Externally, the building's ability to demonstrate its original design is very good notwithstanding alterations to the loggia and telegraph entrance, and rear additions. The exterior of the building appears sound.

Internally, the building has undergone a number of phases of more extensive change in relation to planning, most notably related to the incorporation of an internal public space and the subsequent enlargement of this area and the removal of telegraph functions. The interior of the building is in good condition.

== Heritage listing ==
The Stawell Post Office, constructed in 1874–75, is an important two-storey public building in the Victorian Italianate style. The form and quality of the Stawell Post Office on a prominent corner in the central commercial precinct confirms its status as an essential element in the communications of the district at a time when Stawell was an important regional centre in the central goldfields district and the broader Victorian colony. The size and quality of the building reflects Stawell's status in the 1870s as a prosperous central goldfields town and important regional centre for the former colony of Victoria.

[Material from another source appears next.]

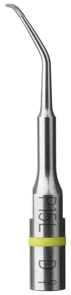 Насадка P15LD «Левосторонняя», для минимально-инвазивной апикальной хирургии. Для ретроградной распломбировки корневого канала премоляров левой стороны нижней и верхней челюсти (при возможности доступа). После выполненной резекции верхушки корня Пьезотомом или вращающимся инструментом. Удлинённая рабочая часть кончика насадки 5мм. Рекомендована для препарирования каналов резцов при апикальной резекции / микрохирургическом эндодонтическом вмешательстве. Ретроградная распломбировка канала такими насадками показана при невозможности прохождения канала в виду наличия в нём индивидуальной литой корневой вкладки, при фиксации на зубе протяжённой ортопедической конструкции. Этот метод позволяет сохранить ортопедическую конструкцию интактной. При полной ревизии корневого канала и резекции верхушки корня вместе с инфицированной дельтой корневого канала, ретроградная пломбировка с применением ультразвкуковых насадок для апикальной хирургии позволяет достичь наилучших долгосрочных результатов. Алмазное покрытие 30 мкм, конусность 7%.

The Stawell Post Office, probably designed by A. T. Snow, is one of a suite of substantial Italianate post offices designed by the Victorian Public Works Department between 1870 and 1878 under the guidance of William Wardell. Stylistically, Stawell Post Office is a handsome and imposing composition, albeit displaying restrained ornament typical of the mid-Victorian palazzo idiom. While it lacks a prominent tower its bold palazzo style with rusticated "basement" and corner siting contribute to its stateliness and monumental expression. Stawell is a very good example of the style.

The building forms an important historic landmark with a strong relationship to the location of the town's former gold diggings. The bold Post Office building is a recognised local landmark within the main government and commercial precinct of Stawell, partnering with the nearby Town Hall. The building makes a major contribution to the historic streetscape. Having served the people of Stawell and surrounding districts as a crucial public facility and major landmark for over 125 years, the Stawell Post Office is socially significant to the local community.

The curtilage includes the title block/allotment of the property.

The significant components of Stawell Post Office include the main postal building of 1873–75. The single-storey 1905 addition is of contributory significance. The disabled access ramp and additions to the rear of the building including the first floor staff amenities, post box lobby, brick offices and storeroom are not significant. The telephone exchange to the rear of the post office is also not significant.